Mass of complaints over St Albans council laptop data theft
PUBLISHED: 15:01 19 November 2009 | UPDATED: 14:41 06 May 2010
THE THEFT of a council laptop which stored personal data on all St Albans district postal voters has sparked a barrage of complaints from worried residents. The data on the stolen laptop, one of four taken from the district council offices in St Peter s
THE THEFT of a council laptop which stored personal data on all St Albans district postal voters has sparked a barrage of complaints from worried residents.
The data on the stolen laptop, one of four taken from the district council offices in St Peter's Street last Monday (November 9), includes the names, addresses, dates of births and signatures of over 14,500 district residents.
The incident is being treated by the council and police as an opportunistic theft as all four laptops were stored in what leader of the district council Cllr Robert Donald described as "an area protected by electronic security". There is no evidence that the building had been broken into.

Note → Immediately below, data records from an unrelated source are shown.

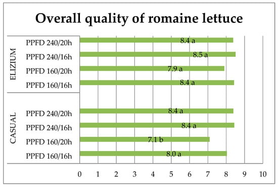 Comparison of the overall quality descriptor of romaine lettuce (scale 0–10 units). Means followed by the same letter are not significantly different (p < 0.05) according to Tukey’s HSD test.
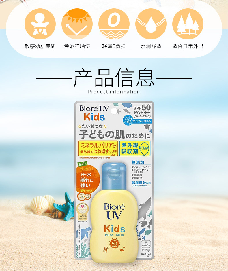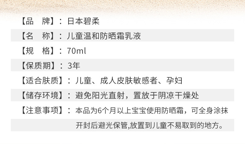 【保税仓】日本Biore碧柔婴幼儿童防晒霜70ml宝宝敏感肌物理防晒乳SPF50+++
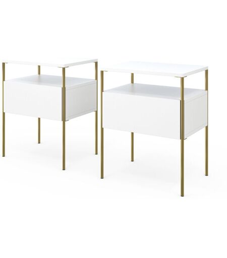 Vicco - Comodino camera da letto Mira, Bianco/Oro, 40 x 50 cm Set di 2
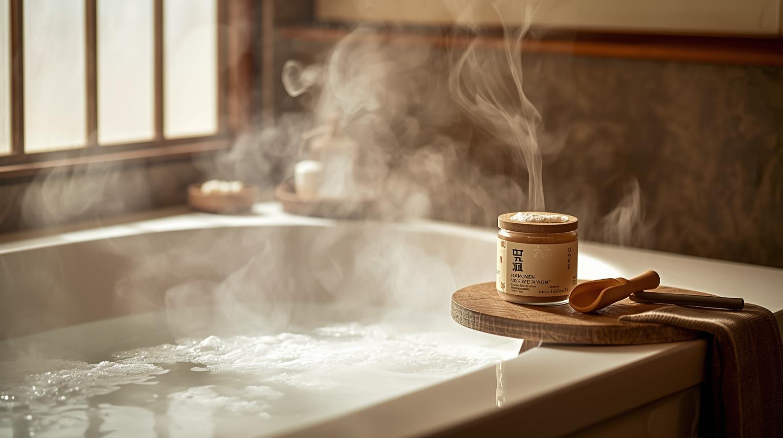 箱根の温泉文化から着想を得て作られたこのバスソルトは、湯に溶けるとやわらかく身体を包み込み、まるで箱根の湯に浸かっているかのような温もりを感じさせます。ゆったりと広がるやさしい香りとともに、日々の疲れをほどき、深いリラックスへと導きます。
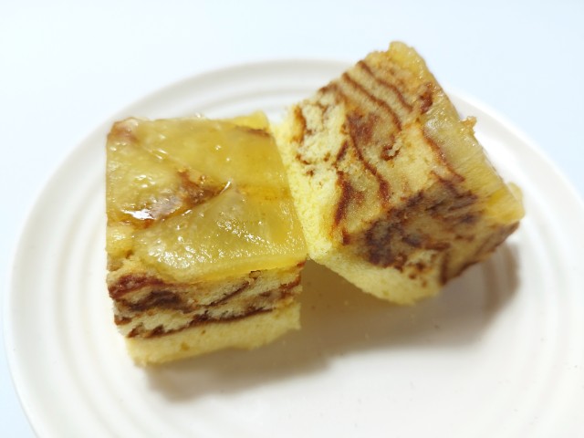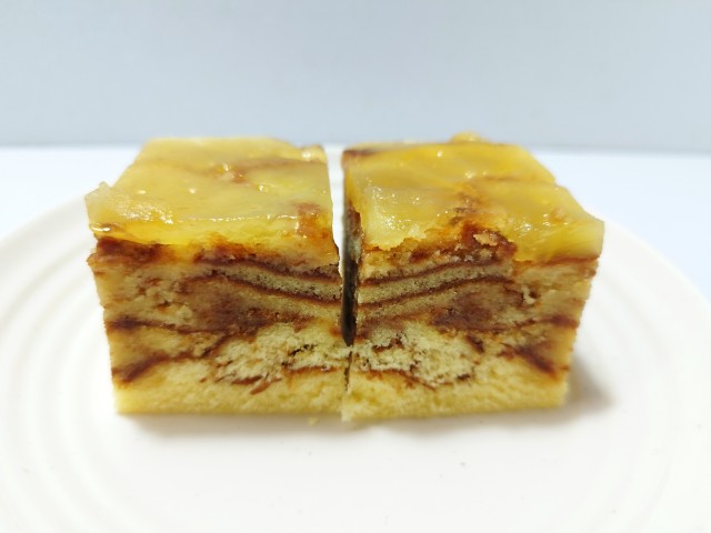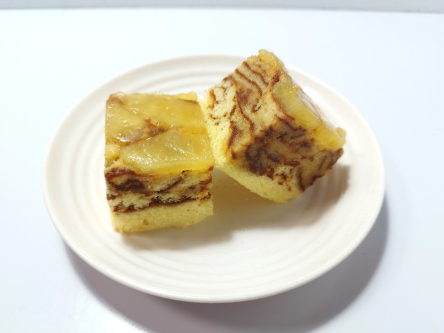 上からりんごのシロップ漬け、ケーキ生地、スポンジ生地の層になっています。
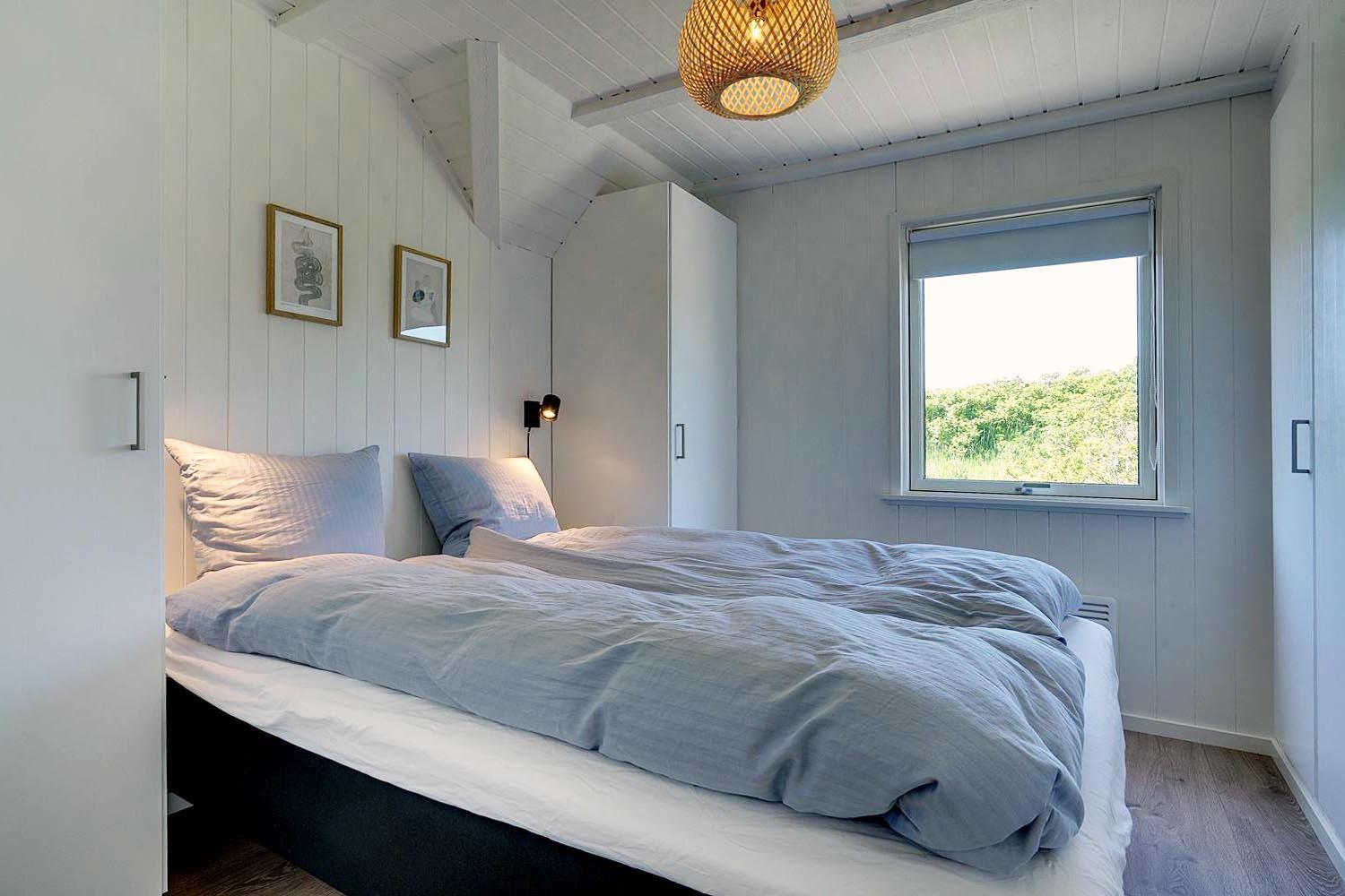 Auf Hyldebærvej 3 in Henne Strand genießen Sie Ihre Auszeit in einem stilvoll eingerichteten Haus mit Sauna, Außendusche und Platz für bis zu sechs Personen, die alle in neuen Doppelbetten (aus 2023) erholsam schlafen – eines der Zimmer ist sogar mit einem luxuriösen Kontinentalbett ausgestattet.
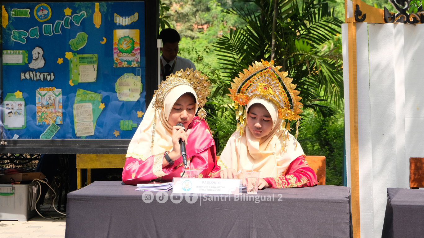 Suasana halaman Al-Hikmah SMP Bilingual Terpadu 2 pada Senin, 29 September 2025, tampak semarak dan penuh antusiasme. Seluruh santri, ustaz, dan ustazah berkumpul untuk menyaksikan kegiatan kampanye dan debat calon Ketua dan Wakil Ketua OSIS masa bakti 2025/2026.
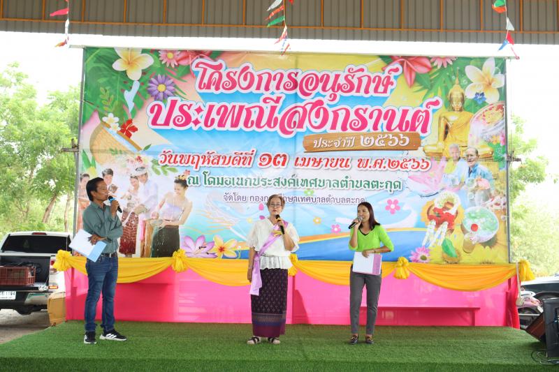 รายละเอียด : เทศบาลตำบลตะกุด ได้กำหนดจัดโครงการอนุรักษ์ประเพณีสงกรานต์ ประจำปีงบประมาณ 2566 ขึ้น ในวันพฤหัสบดีที่ 13 เมษายน 2566 ตั้งแต่เวลา 08.30 น. เป็นต้นไป ณ โดมอเนกประสงค์ เทศบาลตำบลตะกุด หมู่ที่ 6 ตำบลตะกุด โดยได้จัดกิจกรรมการประกวดรำวงมหาดไทยเพื่อคนไทยของผู้สูงอายุ ,การประกวดร้องเพลงลูกทุ่ง , การแสดงดนตรี (แตรวง) ,กิจกรรมการสรงน้ำพระพุทธรูปและรดน้ำขอพรผู้สูงอายุของตำบลตะกุด เพื่อเป็นการแสดงความเคารพน้อมนอบและความกตัญญู ต่อผู้ใหญ่ สร้างความรักความสามัคคีของคนในตำบลตะกุด และร่วมกันอนุรักษ์สืบสานประเพณีสงกรานต์ ให้อยู่คู่สังคมไทยต่อไป
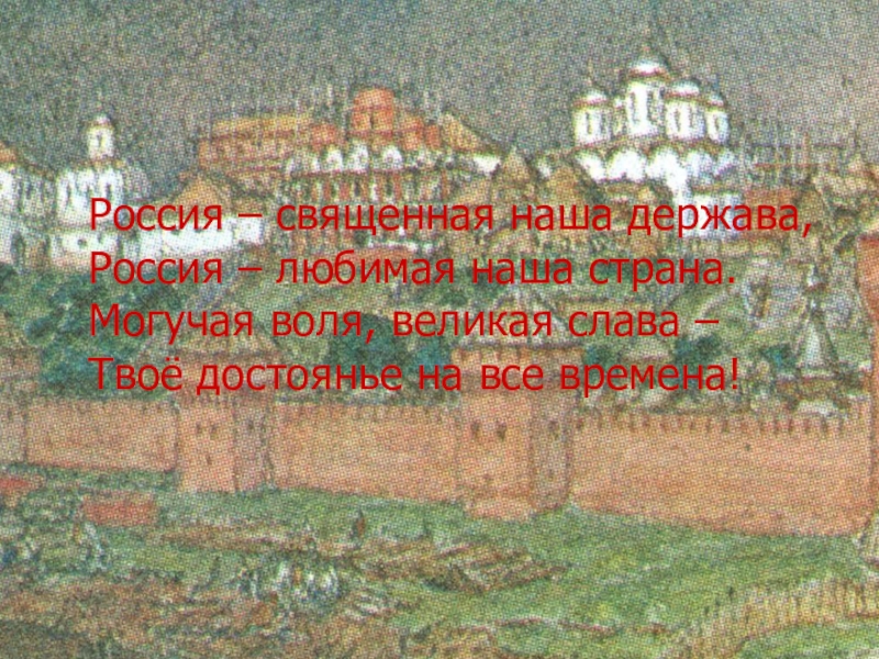 Россия – священная наша держава,Россия – любимая наша страна.Могучая воля, великая слава –Твоё достоянье на все времена!

In a letter delivered this week to all affected residents, council chief executive Daniel Goodwin admitted that there was "a small risk" of the data - which was not encrypted - being accessed and used fraudulently.
Since the delivery of Mr Goodwin's letter the council has taken over 400 calls from residents and responded to around 50 emails of complaint. The Herts Advertiser has also been bombarded with calls.
Tory Group Leader Cllr Julian Daly who works in a top London bank is one of the 14,673 affected residents. He said that he was "troubled" by the situation and added: "All the information is there to set up a bank account, so it is safe to say that we are in the territory of identity theft. I would certainly advise people to stay on their guard."
Sam Evans of St Albans received the letter on Monday morning and said that she was "disgusted" by the council's mistake: "I'm appalled by what's happened and I just can't believe that the council didn't even bother to encrypt such vital information. It's a disgrace and now I have to worry about who might have access to my personal data."
Andy Hayes of St Albans was particularly concerned about his 82-year-old father, who also lives in the city: "When you are in your 80s a scandal such as this is obviously going to cause you a tremendous amount of stress. I'm also worried because, at his age, my father could be an easy target for identity theft."
Nick Rich, of Wendover Close in Harpenden, alluded to the "serious consequences" of the scandal in his letter of complaint to Daniel Goodwin and questioned why, "this sort of data was stored on a portable computer in the first place".
Mr Goodwin has already ordered an internal investigation and apologised to all those affected by the theft. In a statement yesterday, he said: "We have been keen to be as open and forthcoming about the loss of the laptop as we can and have written to everyone involved to explain the circumstances of the theft and to reassure them that any risk is thought to be minimal."
Cllr Donald, who said the information had to be held on a portable laptop so it could be used to verify postal votes on election night to prevent fraud, added: "I have required that the results of the internal investigation that has already been instigated must be reported to the December 8 Cabinet meeting and that this should contain clear recommendations on how this can be prevented from ever happening again.